Only one stretch of the data below should be repeated: the lines from the line containing "Pristine waterfalls, deep" through the line containing "1: Bumper Front", inclusive, exactly as they are.

Source material:

......

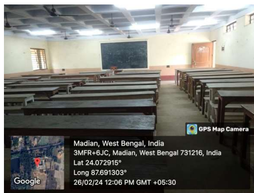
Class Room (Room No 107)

......

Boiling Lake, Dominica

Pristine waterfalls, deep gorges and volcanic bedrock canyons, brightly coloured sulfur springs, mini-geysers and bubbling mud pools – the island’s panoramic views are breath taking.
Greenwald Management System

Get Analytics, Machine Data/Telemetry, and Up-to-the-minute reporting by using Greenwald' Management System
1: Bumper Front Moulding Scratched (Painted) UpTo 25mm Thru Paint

......

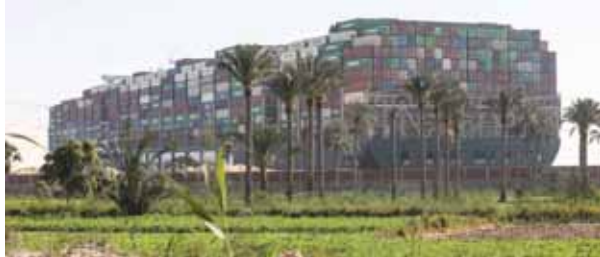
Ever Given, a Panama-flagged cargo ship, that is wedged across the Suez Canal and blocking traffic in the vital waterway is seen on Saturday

......

Response to this exercise:
Pristine waterfalls, deep gorges and volcanic bedrock canyons, brightly coloured sulfur springs, mini-geysers and bubbling mud pools – the island’s panoramic views are breath taking.
Greenwald Management System

Get Analytics, Machine Data/Telemetry, and Up-to-the-minute reporting by using Greenwald' Management System
1: Bumper Front Moulding Scratched (Painted) UpTo 25mm Thru Paint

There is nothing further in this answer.